Наша надежда на преодоление этих болезней – в творческом, молитвенно сосредоточенном усвоении подлинной, глубинной традиции, в ее живом и плодотворном развитии в соответствии с новыми реалиями, перед которыми Господь поставил Свою Церковь.
Глубоко символичным и не случайным является тот факт, что обе враждующие друг с другом ложные тенденции церковной жизни возглавляются иерархами, для которых митрополит Сергий служит кумиром и образцом. Поэтому фигура этого церковного деятеля, споры вокруг оценки его деятельности становятся особенно актуальными.
За годы, прошедшие со времени выхода в свет парижского издания «Трагедии Русской церкви», было опубликовано множество материалов и документов, и поток публикаций продолжается. Многие пробелы в нашей работе можно было бы восполнить, но, насколько мы можем судить, каких-либо серьезных ошибок в нашем издании не обнаружено. Когда в мае 1990 г. «Известия КПСС» вынуждены были опубликовать подлинник печально знаменитого письма В.И. Ленина по делу о церковных ценностях, мы обнаружили большое число мелких разночтений с нашей версией, не меняющих самого смысла текста. Это обусловлено тем, что письмо было заучено наизусть одним из сотрудников секретного ленинского архива, и разночтения обусловлены характерными при устном запоминании ошибками памяти.
Автор пользуется случаем отвести от себя незаслуженную похвалу ныне покойного протопресвитера Иоанна Мейендорфа за «героический», как он выразился, труд по собиранию уникальных церковных документов. Как было подробно объяснено в предисловии автора к первому изданию, этот действительно героический труд совершили другие. Задача же автора состояла в отборе, осмыслении и удобной для читателя подаче этого обширного материала.

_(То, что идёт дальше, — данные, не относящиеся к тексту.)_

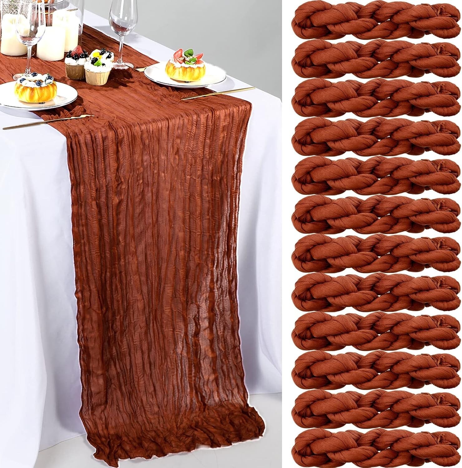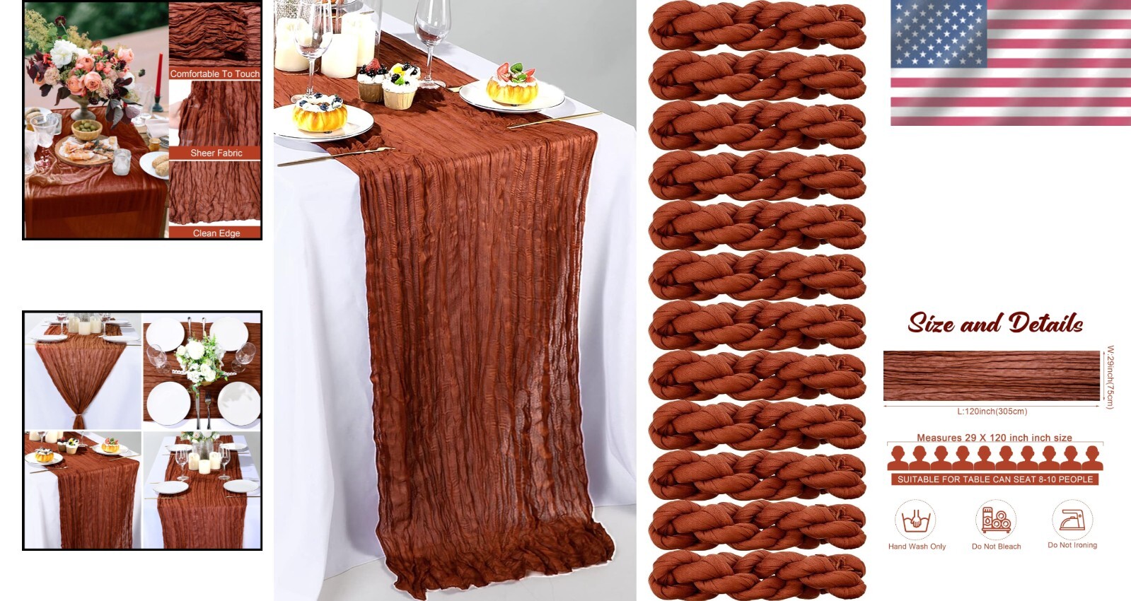 120"x29" Rustic Cheesecloth Set - 24 Light Weight Table Runners in Rust Color ‹ › ‹ › ‹ › ‹ › ‹ › ‹ › ‹ › ‹ › ‹ › 120" x 29" Rustic Cheesecloth Set - 24 Light Weight s in Rust Color Product Highlights: Sufficient Quantity: Enjoy a generous set of 24 exquisite cheesecloth s, each measuring 120 x 29 inches (10 ft long), perfect for all your decorating needs. Quality Material: Crafted from quality polyester, these boho s boast a sophisticated touch—lightweight yet robust, combining transparency with comfort. Table Decor: Edges are tightly stitched for durability, resists abrasion and maintains structure, making them ideal for various festive occasions. Gorgeous Colors: Choose from an enchanting array of colors including rust, light blue, and peach coral; harmonious combinations with fragrant flowers for a striking table presentation. Easy to Style: Versatile and chic, these runners enhance any theme—be it boho, rustic, country, or retro—delivering elegance whether for weddings or everyday dining experiences. Transform Your Events: Indulge in the beauty of your gatherings with the 120" x 29" Rustic Cheesecloth Set, designed to elevate any table setting with a touch of sophistication. Perfect for baby showers, weddings, holiday parties, or intimate dinners, these runners bring a romantic ambience that captivates guests at first sight. The romantic drape and delicate folds create a picturesque dining atmosphere. Hand-washable for easy maintenance, remember to keep them away from bleach and irons. Whether it’s an elegant wedding reception or a cozy candlelight dinner, these runners are the quintessential decor piece that emphasizes style and warmth. Why Choose Our Rustic Cheesecloth Runners? Stand out with our collection! The combination of functionality and aesthetic appeal makes these s a must-have for anyone looking to enhance their events and daily life. Add the final touch to your tablescape and let your gatherings shine with elegance—order your Rustic Cheesecloth Set today! Shipping Free & Fast Shipping - We offer free shipping to most of the USA with a normal delivery time of 3-7 days. However, due to the current situation, additional delivery time (up to 3 weeks) may be required for some items. Alternative Carriers - We may use alternative carriers (e.g. USPS, FedEx, UPS, etc.) to ensure your package arrives safely and on time. Due to the use of multiple carriers, we are unable to provide a tracking number automatically. Handling Time - Orders are processed and shipped within 1-2 business days of receiving cleared payment. Shipping Restrictions - Shipping to Alaska, Hawaii, Puerto Rico, Guam, and other US territories may incur shipping charges or delivery restrictions. Please contact us before ordering, or your order can be refunded/cancelled. State Restrictions - There may be restrictions based on your state of purchase. For example, certain items may not be shipped to California due to state regulations. Contact for Tracking Updates - If you require tracking updates or have any concerns about the delivery of your order, please feel free to contact us, and we will be happy to assist you. Return Please see our eBay Return Policy. Thank you. Payment We accept all major credit cards, PayPal, and Apple Pay for your convenience. Your payment information is secure and encrypted to ensure a safe and seamless transaction. Please complete your payment within 3 days of purchase to avoid any delays in shipping. Feedback Your feedback is extremely important to us. We strive to provide the best products and customer service possible. If you are satisfied with your purchase, please take a moment to leave us a positive review. If you have any concerns or issues with your order, please contact us before leaving negative feedback. We are committed to resolving any problems and ensuring your satisfaction. Contact Us If you have any questions or concerns, please feel free to reach out to our customer support team. You can contact us through the eBay messaging system. We are available Monday to Friday, 9:00 am to 5:00 pm EST, and we will do our best to respond to your inquiry within 24 hours. Thank you for supporting our small family business! UPC: Not Set Unit Quantity: 24 Material: 100% Polyester,Polyester,Cheesecloth Theme: Not Set Occasion: Anniversary,Apology,Baby Shower,Bar Mitzvah,Birthday,Christmas,Congratulations,Easter,Engagement,Funeral,Get Well,Good Luck,Halloween,International Women's Day,Labor Day,Mother's Day,Multipurpose,New Home,Party,Retirement,Romance,Surprise,Sympathy,Wedding,Thanksgiving Features: Hand Wash Only,Abrasion Resistant,Fade Resistant,Shrink Resistant,Deform Resistant,Light Weight,Comfortable Touch,Romantic Style Department: Adults,Boys,Girls,Kids,Men,Teens,Unisex,Unisex Baby & Toddler,Women Character: Not Set Brand: Unbranded Color: Rust Type: Table Runner Pattern: Solid Shape: Rectangular Style: Boho MPN: Not Set Item Length: Not Set Country/Region of Manufacture: Not Set Character Family: Not Set Item Width: Not Set Model: Not Set Unit Type: Unit Care Instructions: Hand Wash Only Personalize: Not Set

Для православных читателей будет важно узнать, что первое издание этой книги было одобрено в рукописи такими авторитетными деятелями Русской церкви, как архиепископ Леонид (Поляков), архиепископ Ермоген (Голубев) (ему привез в Жировицы и вслух прочитал книгу в рукописи отец Павел Адельгейм), а также иеромонах Таврион (Батозский). Назвать их имена в предисловии к изданию 1997 г. было невозможно ввиду обстоятельств того времени.
Москва, 1996 г.
Послесловие автора к третьему изданию[5]
В те времена, когда готовилось первое издание этой книги, в сердцах многих ревнителей веры жила глубокая надежда, что сразу после ожидаемого крушения атеистической идеологии в России начнется стремительное возрождение православной духовности. Эту надежду подкрепляли пророчества русских святых. Так, преподобный Серафим Вырицкий в конце 1940-х гг. предсказывал: «Спасение миру – от России. Наступит такое время, когда будет в России духовный расцвет. Откроются храмы и монастыри, даже иноверцы будут к нам приезжать креститься… Весь мир небесный молится о просвещении Востока. Восток будет креститься в России».
Это ли мы видим сейчас?
Храмы и монастыри открываются, но все остальное…

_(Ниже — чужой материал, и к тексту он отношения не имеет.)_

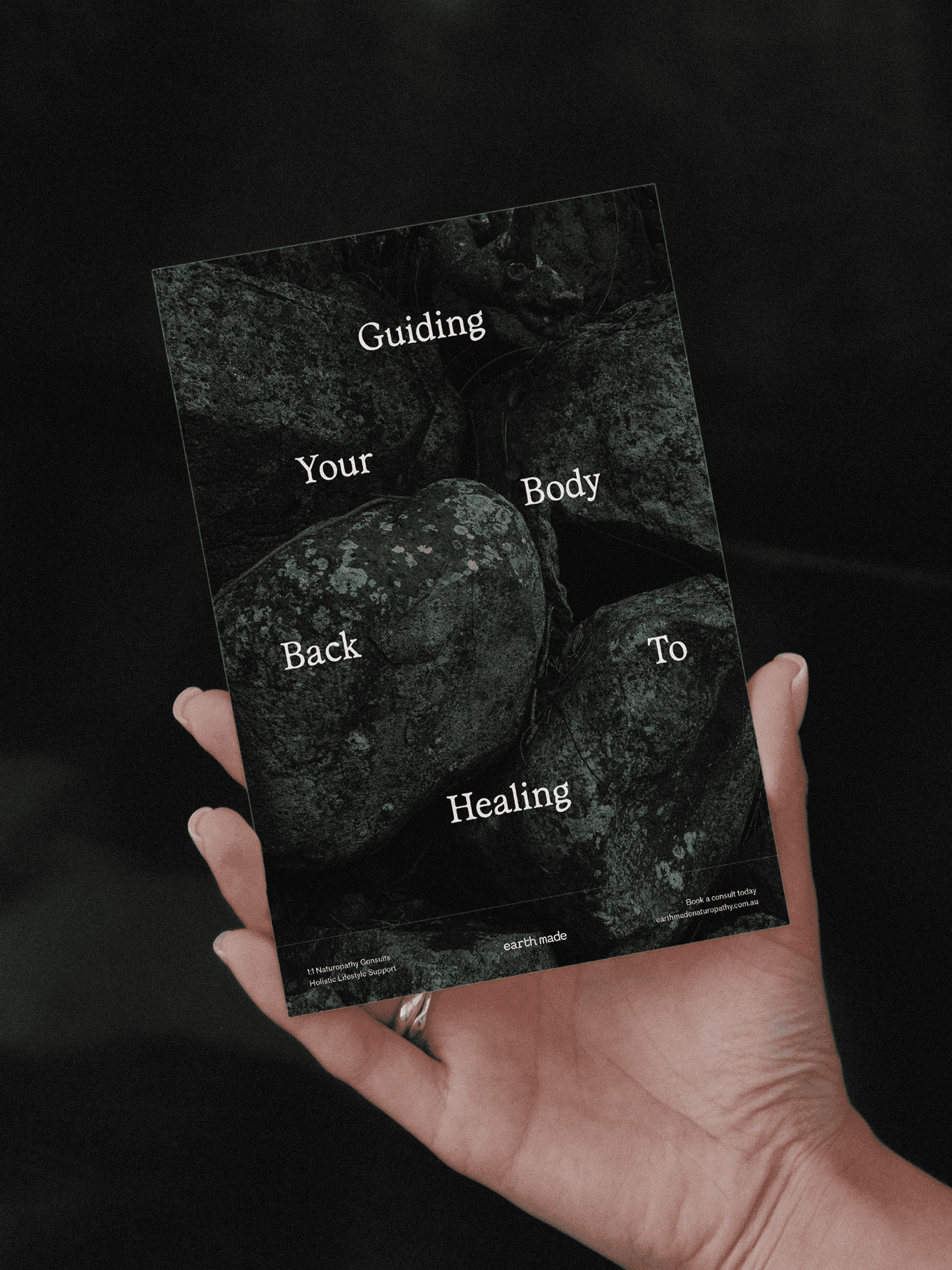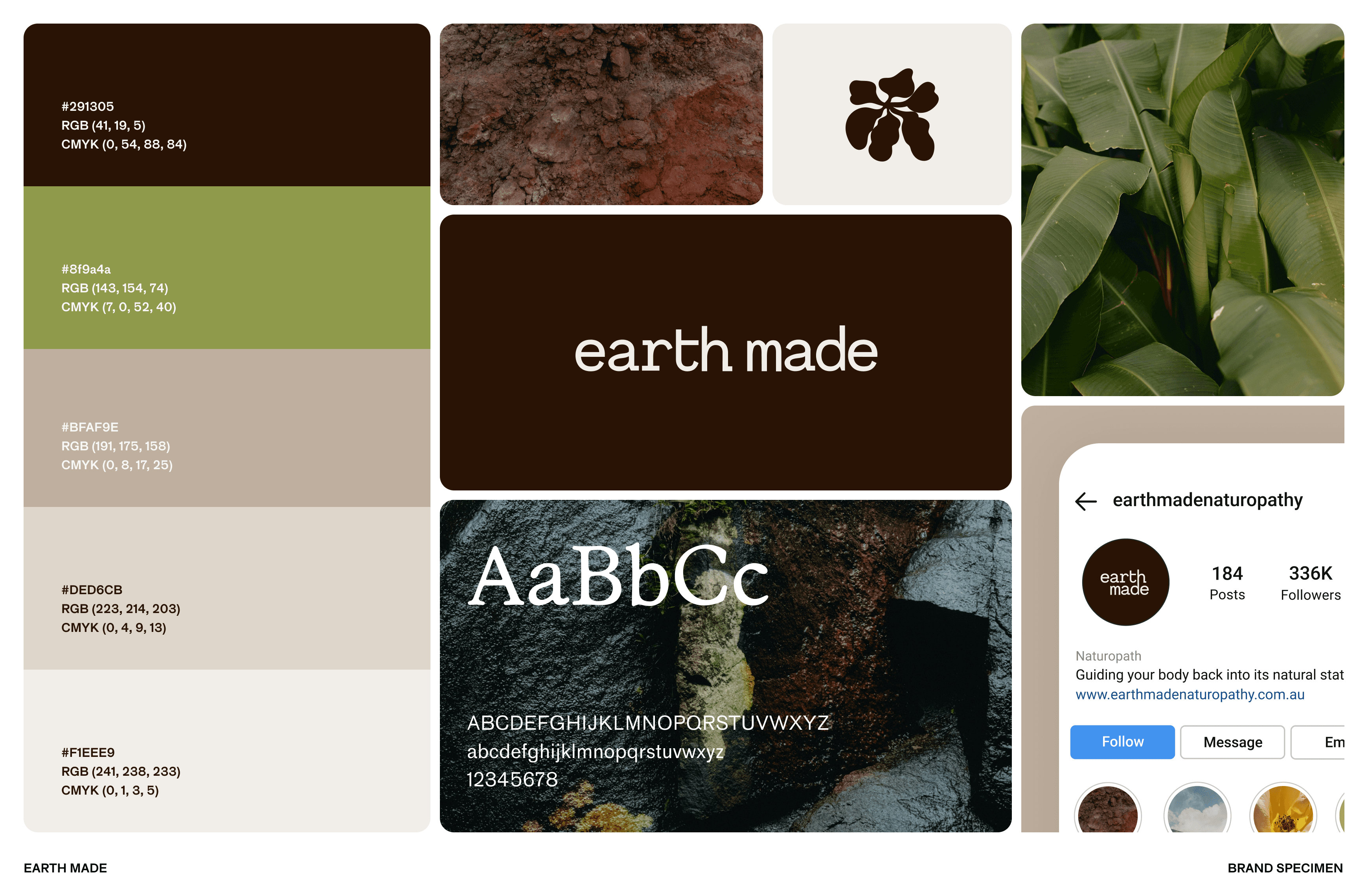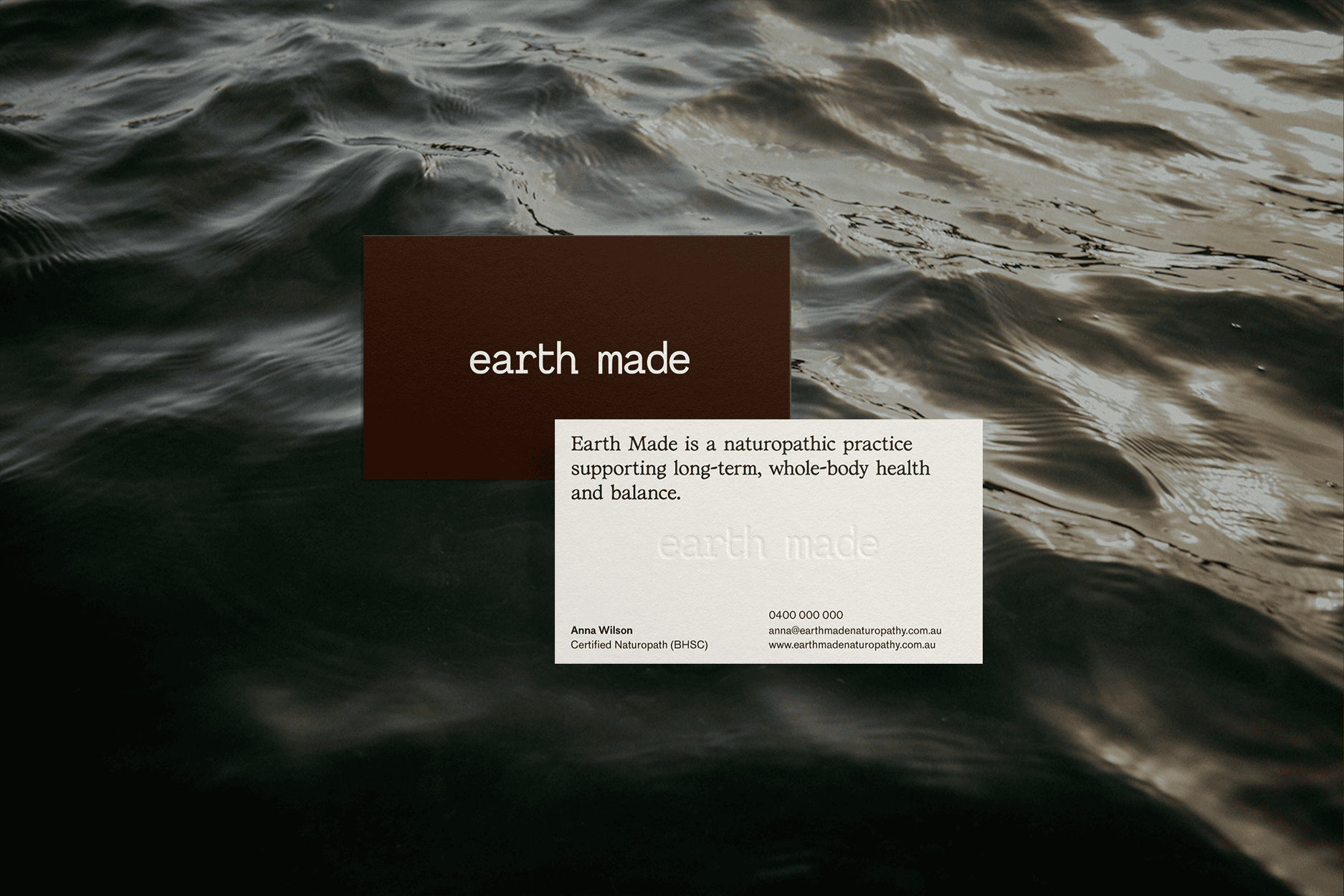 Earth Made is the naturopathic practice of Anna Wilson, specialising in female health and lifestyle support. The brand is grounded in the body’s connection to the earth, using this relationship as a framework to balance clinical credibility with holistic care. The resulting identity is calm and considered, drawing on natural tones, structured systems, and softened details to create a practice that feels both professional and deeply human.

Сейчас вспоминаются скорее другие слова того же святого:
«С одной стороны, будут возводить церкви и золотить купола, а с другой – настанет царство лжи и зла».
Что же преграждает путь тому «духовному расцвету», для которого, казалось бы, сложились все необходимые предпосылки?

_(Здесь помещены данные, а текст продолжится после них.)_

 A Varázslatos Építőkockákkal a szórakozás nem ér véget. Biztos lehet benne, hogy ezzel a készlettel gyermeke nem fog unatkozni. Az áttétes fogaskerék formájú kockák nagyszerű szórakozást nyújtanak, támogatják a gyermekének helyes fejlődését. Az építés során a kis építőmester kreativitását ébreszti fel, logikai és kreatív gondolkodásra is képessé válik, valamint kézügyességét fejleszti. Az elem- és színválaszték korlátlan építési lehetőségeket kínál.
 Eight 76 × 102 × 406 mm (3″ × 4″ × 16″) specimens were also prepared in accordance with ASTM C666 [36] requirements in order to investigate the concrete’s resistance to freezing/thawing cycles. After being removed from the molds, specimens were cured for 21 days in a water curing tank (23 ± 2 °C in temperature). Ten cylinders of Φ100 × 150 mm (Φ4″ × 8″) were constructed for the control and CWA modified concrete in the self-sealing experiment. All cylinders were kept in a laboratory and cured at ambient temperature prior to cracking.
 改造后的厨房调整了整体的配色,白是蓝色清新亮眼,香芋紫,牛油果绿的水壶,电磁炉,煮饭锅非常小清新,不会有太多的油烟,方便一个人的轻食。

Подвиг российских новомучеников привел к небывалому возрастанию духовной мощи Церкви Небесной, а их канонизация открыла тот молитвенный канал, через который эта новая духовная сила может реализоваться в жизни Церкви Земной. Однако этого пока не происходит. Почему?
Видимо, само по себе прославление исповедников и мучеников еще не достаточно – необходимо понять и принять глубинный смысл их подвига. Во имя чего они принесли себя в жертву, исповедниками какой истины они были? Ведь речь шла не просто об исповедании христианской веры, как было во времена римских гонений. Во всяком случае, до середины 1930-х гг. преследовали не за веру как таковую, а за что-то другое. В глазах гонителей это было преследование за враждебность к советской власти, а, по существу, за неприятие новой, коммунистической идеологии. С церковных позиций эта идеология может рассматриваться как своего рода ересь на христианскую тему Царства Божия на земле. Ведь объявленной целью коммунизма было построение всемирного царства справедливости, но без участия Божественной благодати.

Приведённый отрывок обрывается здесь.